3月〜4月にかけて見た映画は結構「あたり」だったのに、感想を書くヒマがないままに時は過ぎ、ああ、もうこの映画も上映終了間際じゃないですか…。
SF大作は、いかなホームシアターとて迫力不足になるのがオチですので、気になる人はできれば劇場に見に行ってください。
というわけで、「ジャンパー」ですが、何だかとても評判が悪いみたいですね。どうしてなんでしょう?私には大変面白かったんですが…。
命の危険に直面した時、瞬間移動の能力に目覚めた少年・デイヴィット。律儀にも、フツーの小市民がこういう力を手に入れたら何をしでかすかを一から十まで再現してくれる男なのが気に入りました。
だって誰にも気づかれずに何千キロも移動できるんですよ!そりゃ、隣の部屋にある冷蔵庫の飲み物を取るのに、テレポートしちゃったりしますわな。
あの「ダースベーダー」アナキンの役が染みついてしまったのか、主役のヘイデン・クリステンセンが何をやっても必要以上にダークな印象を与えてしまうのでマズかったのでしょうか。
それとも、「ジェダイ・マスター」とまたもや宿命の対決を始めたのがマズかったのか?
それはともかく、なんでこんなことになってるのか、一体どうしてこんなことが出来るのかなどの説明は一切なく、(後半にちょっと解説がありますが、あんなの説明にもなっていない)、観客はデヴィッドと同じ困惑にいきなり投げ込まれてしまうわけです。
そこへ、ジェダイ・マスターが襲ってきたら、そりゃ逃げるっきゃないでしょう!他にどうします?
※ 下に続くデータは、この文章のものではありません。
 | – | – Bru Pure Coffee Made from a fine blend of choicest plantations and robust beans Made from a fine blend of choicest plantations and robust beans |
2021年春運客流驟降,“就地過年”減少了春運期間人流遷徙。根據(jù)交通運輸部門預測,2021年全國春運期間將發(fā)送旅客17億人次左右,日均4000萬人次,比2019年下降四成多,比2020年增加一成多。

かくして、地球をまたにかけた鬼ごっこ&破壊活動が展開するわけであります。もうストーリーとか何とかそっちのけで、とにかく忙しい。監督さんの前作「Mr.&Mr.スミス」を彷彿とさせます。
しかーし!私のハートをわしづかみにしたのは、主役のヘイデン君ではございませんでした。いきなり途中から登場する、さらに切れてるキャラ、妙な英語をしゃべるこのグリフィン君に、視線はクギづけです。ヘイデン君に輪をかけてオレ様だけが大事なこの男、何だかどっかで見たような気がする。一体、誰だったっけ…?
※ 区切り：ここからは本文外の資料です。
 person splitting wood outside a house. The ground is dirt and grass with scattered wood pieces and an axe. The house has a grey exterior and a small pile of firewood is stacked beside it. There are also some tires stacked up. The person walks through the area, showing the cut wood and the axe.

結局最後まで彼の名前が思いだせず、終わってからチラシを見てようやくおおっ!とナゾが解けた次第(名前は伏せますが、かなり驚いた)。いやー、最高でしたね。イギリスのその辺にいるチンケな若者というイメージにピッタリハマってました。この映画、見て良かったと思えたのも、彼のおかげが大きいです。
さて、これまでバッドマンとかスポーンとか、ダークヒーローが主役の映画は数々ありましたが、ここまでジコチューな連中が主役な映画もそうそうないんじゃないでしょうか。たぶん、受けなかった一番の原因はそこだと思うけど、でも考えてみてくださいよ。
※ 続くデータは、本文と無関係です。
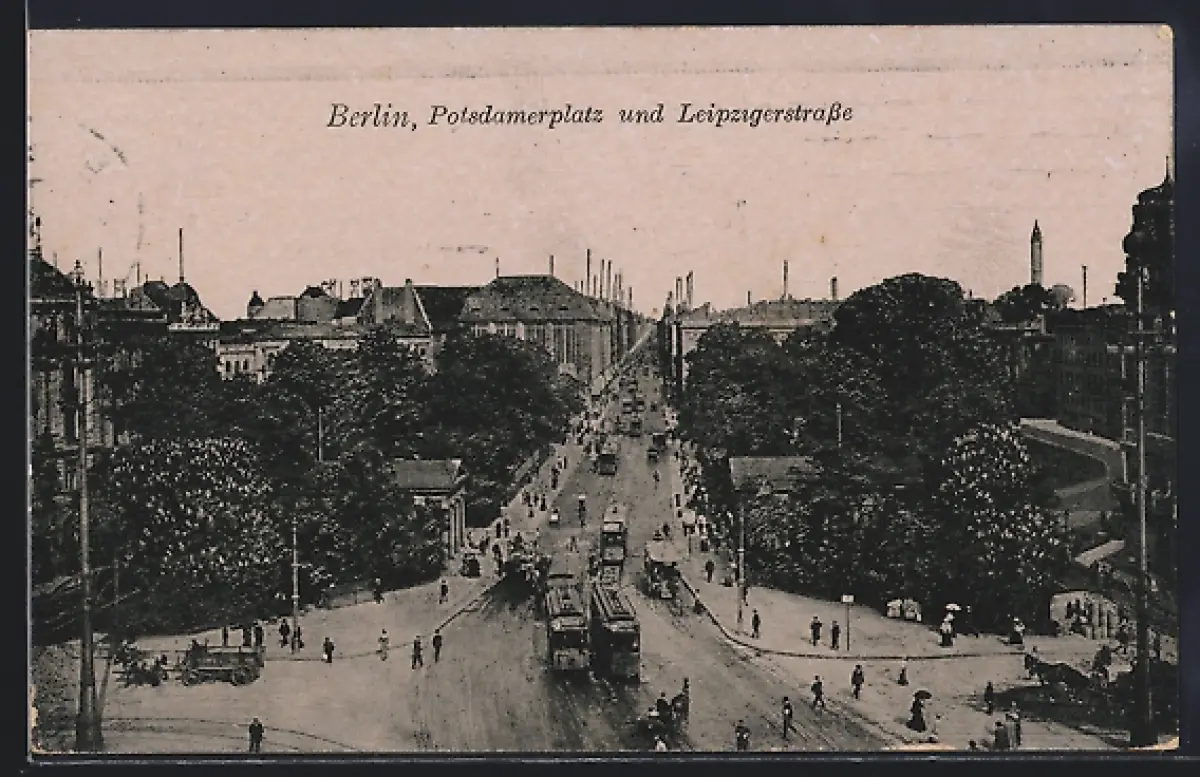 AK Berlin, Potsdamerpletz mit Leipzigerstrasse aus der Vogelschau, Strassenbahn

たぶん、同じ境遇だったら、世の中の80%くらい以上の人たちが、デヴィッドやらギリフィンやらと同じような情けない行動を取るんじゃないでしょうか。等身大の主人公とかいうけど、ここまで綺麗事じゃないリアルな人物像ってあまりなかった気がします。
神ならぬ身で神のごとき能力を持つ彼らジャンパーに憤り、彼らを狩る、「正義の味方」?も登場しますが、そういった存在も、いかにもありそうでちょっと怖い…。私はこの映画の続編、かなり見てみたいです。
あっちこっちで突撃ロケをしたそうで、東京のシーンもあります。
渋谷の街中を歩いて角を曲がったら次のカットが銀座だったんだけど(笑)、カメラまでテレポート能力を身につけたのか?